* _Exercise objective_:
Go through the listing below, and from the line containing "Sound Room: Nightcap" through its last line, transcribe every line exactly, skipping pictures.

*** Study material

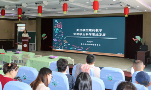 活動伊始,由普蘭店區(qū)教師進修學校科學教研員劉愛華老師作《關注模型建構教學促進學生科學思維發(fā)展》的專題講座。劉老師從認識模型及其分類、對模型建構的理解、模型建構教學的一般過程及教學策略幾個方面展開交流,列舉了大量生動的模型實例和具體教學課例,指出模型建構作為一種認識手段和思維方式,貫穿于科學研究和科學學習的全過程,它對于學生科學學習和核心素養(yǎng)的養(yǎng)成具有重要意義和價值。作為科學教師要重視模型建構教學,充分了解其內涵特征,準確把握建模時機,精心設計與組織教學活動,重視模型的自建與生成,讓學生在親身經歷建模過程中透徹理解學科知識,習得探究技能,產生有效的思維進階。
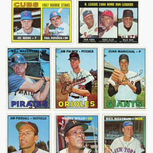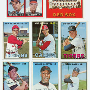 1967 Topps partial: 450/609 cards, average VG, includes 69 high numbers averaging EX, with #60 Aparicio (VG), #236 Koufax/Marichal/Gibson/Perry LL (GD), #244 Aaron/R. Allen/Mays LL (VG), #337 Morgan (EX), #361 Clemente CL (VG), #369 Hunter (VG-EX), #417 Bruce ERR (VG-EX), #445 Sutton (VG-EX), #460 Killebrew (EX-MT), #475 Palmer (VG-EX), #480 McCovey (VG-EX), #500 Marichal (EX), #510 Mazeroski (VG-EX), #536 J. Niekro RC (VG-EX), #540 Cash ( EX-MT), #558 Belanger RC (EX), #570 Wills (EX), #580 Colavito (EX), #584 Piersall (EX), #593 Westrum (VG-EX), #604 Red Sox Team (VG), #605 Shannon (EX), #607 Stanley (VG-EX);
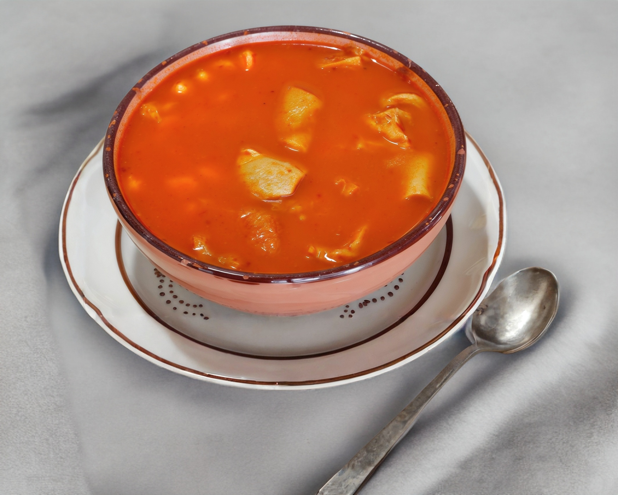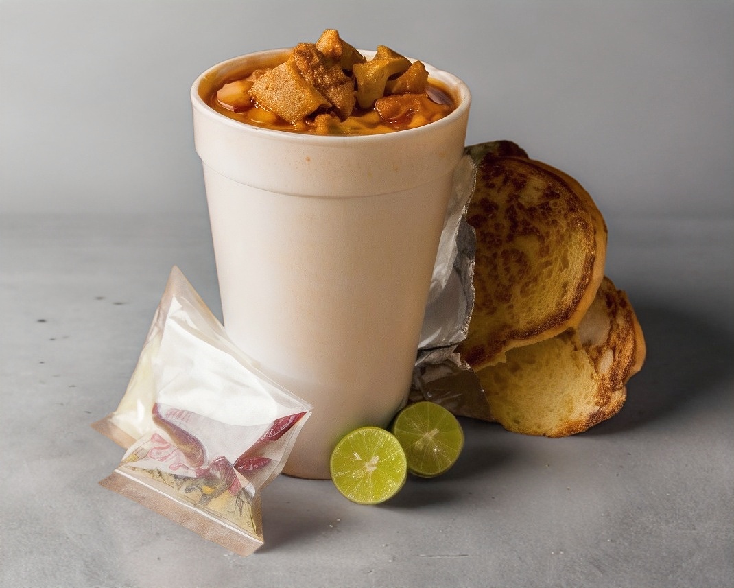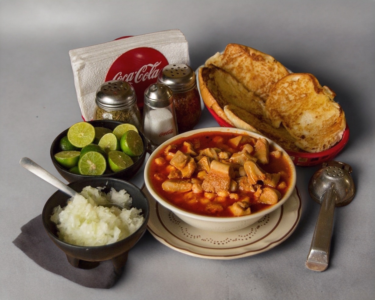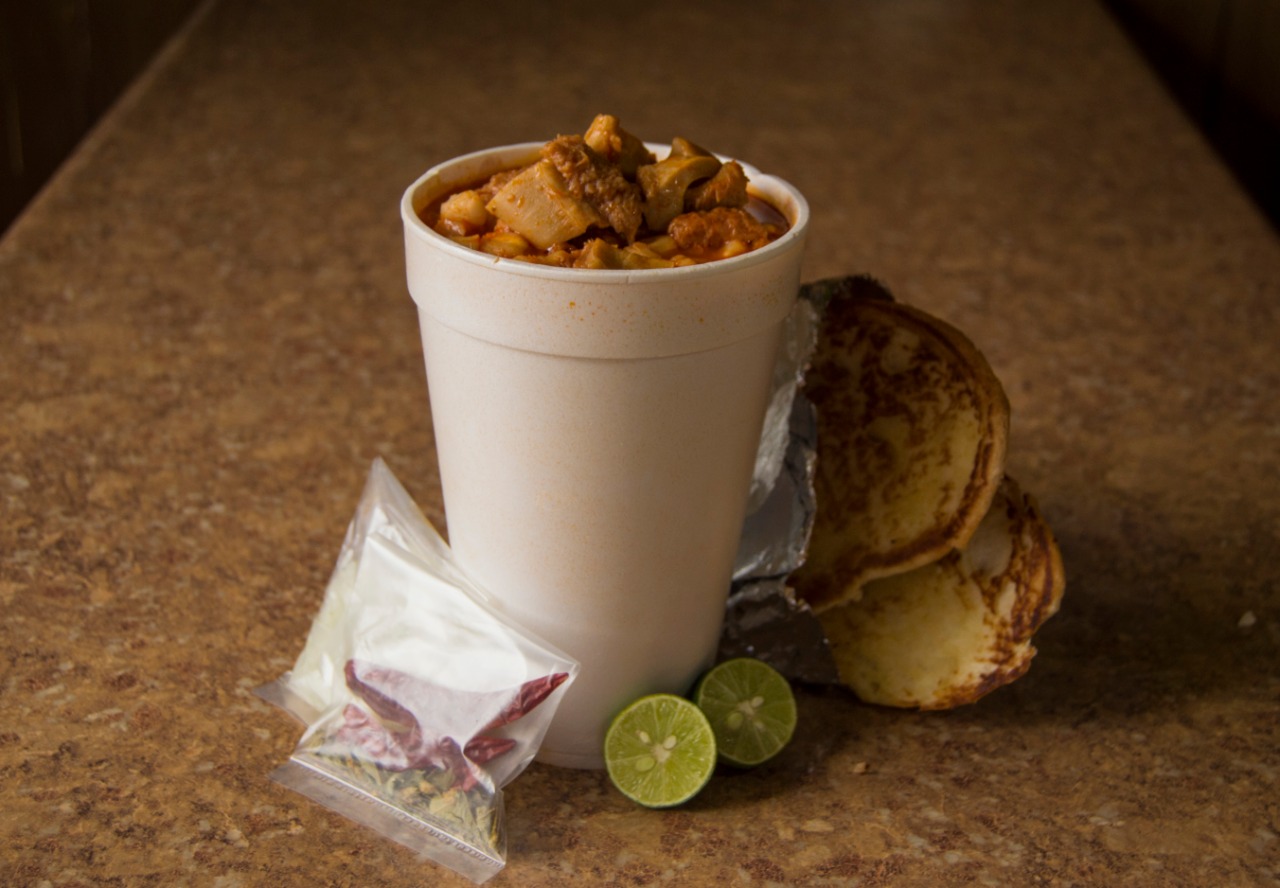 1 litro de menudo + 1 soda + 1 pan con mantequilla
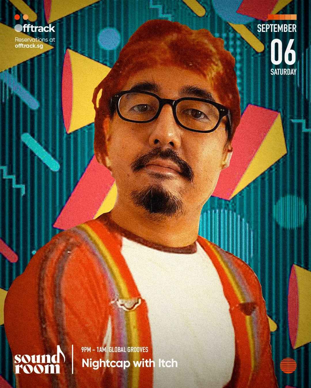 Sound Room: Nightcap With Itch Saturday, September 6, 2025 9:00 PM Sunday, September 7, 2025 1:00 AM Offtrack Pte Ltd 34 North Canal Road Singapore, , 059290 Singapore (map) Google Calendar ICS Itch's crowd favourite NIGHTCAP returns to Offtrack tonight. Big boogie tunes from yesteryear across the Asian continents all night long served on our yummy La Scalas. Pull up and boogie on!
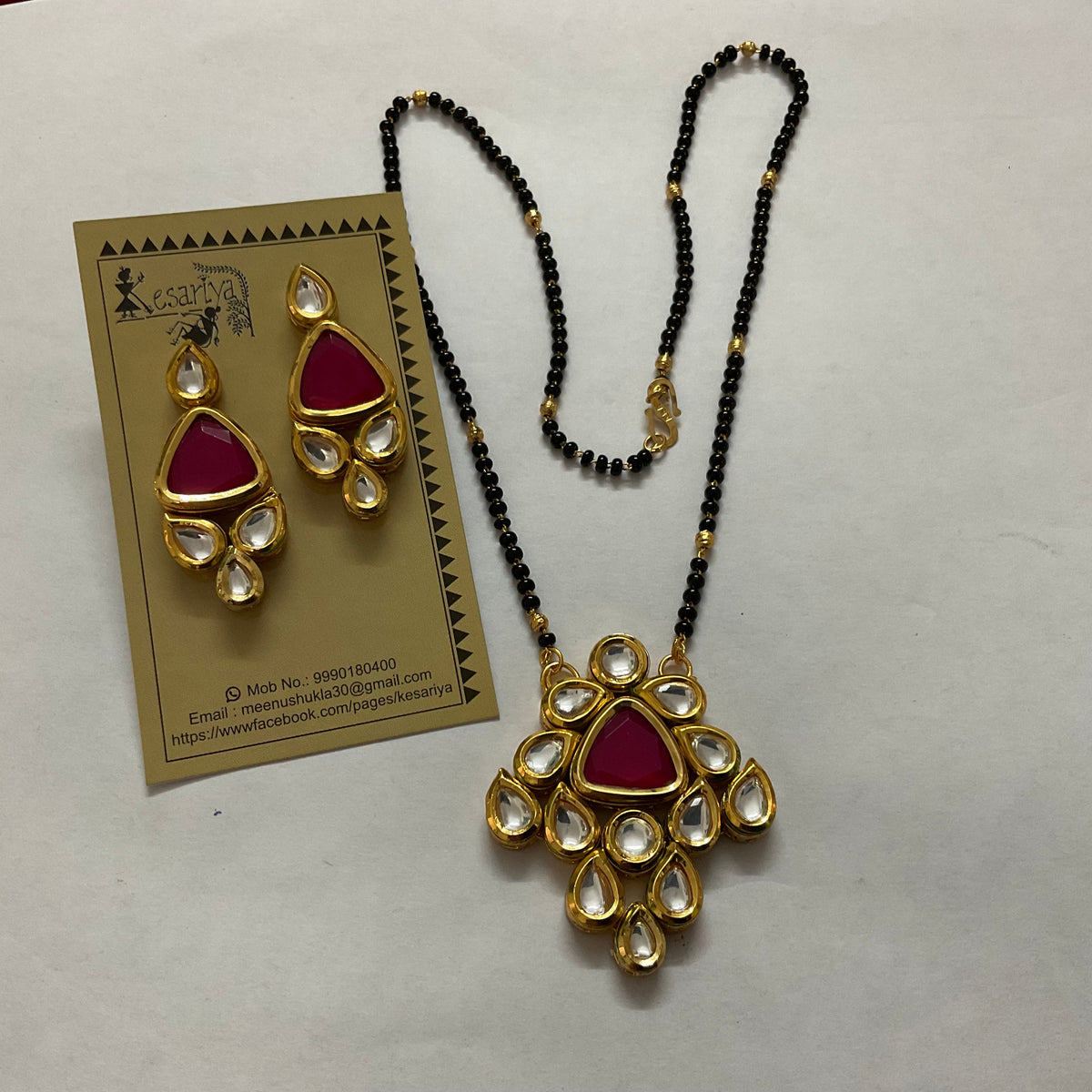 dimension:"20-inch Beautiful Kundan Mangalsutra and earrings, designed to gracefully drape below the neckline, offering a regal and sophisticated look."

******

* _Response below_:
 Sound Room: Nightcap With Itch Saturday, September 6, 2025 9:00 PM Sunday, September 7, 2025 1:00 AM Offtrack Pte Ltd 34 North Canal Road Singapore, , 059290 Singapore (map) Google Calendar ICS Itch's crowd favourite NIGHTCAP returns to Offtrack tonight. Big boogie tunes from yesteryear across the Asian continents all night long served on our yummy La Scalas. Pull up and boogie on!
 dimension:"20-inch Beautiful Kundan Mangalsutra and earrings, designed to gracefully drape below the neckline, offering a regal and sophisticated look."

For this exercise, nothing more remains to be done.